_ABOUT THIS TASK_:
Restate the listing below word for word, pictures excluded.

_DATA PROVIDED_:
=-=-=-=-=

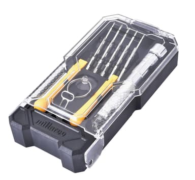 Ideelt sett til reparasjon av f.eks. mobiltelefoner. Levert i praktisk oppbevaringsboksLäs mer om produkten
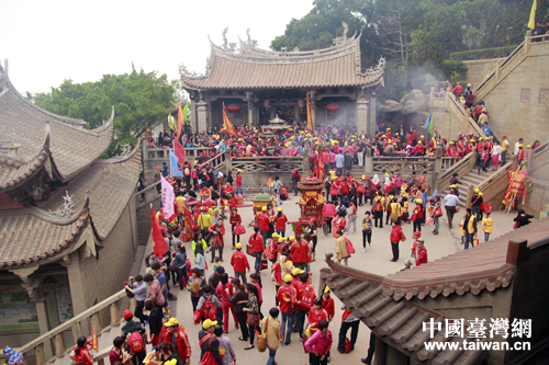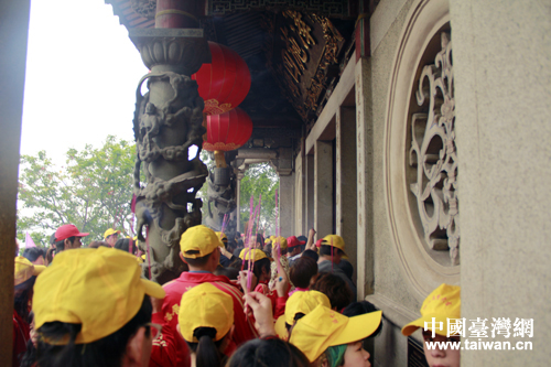 媽祖誕辰愈近,來湄洲媽祖祖廟謁祖的普通進香團、大型進香團劇增,圖為4月20日早上媽祖廟進香人潮。(中國臺灣網(wǎng) 楊麗 攝)
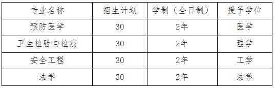 (四)法學專業文理兼招,醫學類畢業生優先,不招收法學類專業畢業生;預防醫學專業招收臨床醫學類畢業生;衛生檢驗與檢疫專業招收藥學類畢業生;安全工程專業招收醫學類畢業生。
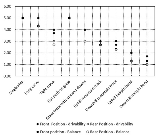 The rating scale uses a range from 1 to 5, where 1 is the least satisfactory score and 5 is the most satisfactory (1 = very poor; 2 = poor; 3 = fair; 4 = good; 5 = very good). The two considered aspects were: the drivability (Table 3) and the balance (Table 4), differentiating between the rear and front positions. Before starting the test session, the three carriers were instructed about the evaluation grid and the purpose of the test and of the survey.

=-=-=-=-=

_RESULT_:
 Ideelt sett til reparasjon av f.eks. mobiltelefoner. Levert i praktisk oppbevaringsboksLäs mer om produkten
 媽祖誕辰愈近,來湄洲媽祖祖廟謁祖的普通進香團、大型進香團劇增,圖為4月20日早上媽祖廟進香人潮。(中國臺灣網(wǎng) 楊麗 攝)
 (四)法學專業文理兼招,醫學類畢業生優先,不招收法學類專業畢業生;預防醫學專業招收臨床醫學類畢業生;衛生檢驗與檢疫專業招收藥學類畢業生;安全工程專業招收醫學類畢業生。
 The rating scale uses a range from 1 to 5, where 1 is the least satisfactory score and 5 is the most satisfactory (1 = very poor; 2 = poor; 3 = fair; 4 = good; 5 = very good). The two considered aspects were: the drivability (Table 3) and the balance (Table 4), differentiating between the rear and front positions. Before starting the test session, the three carriers were instructed about the evaluation grid and the purpose of the test and of the survey.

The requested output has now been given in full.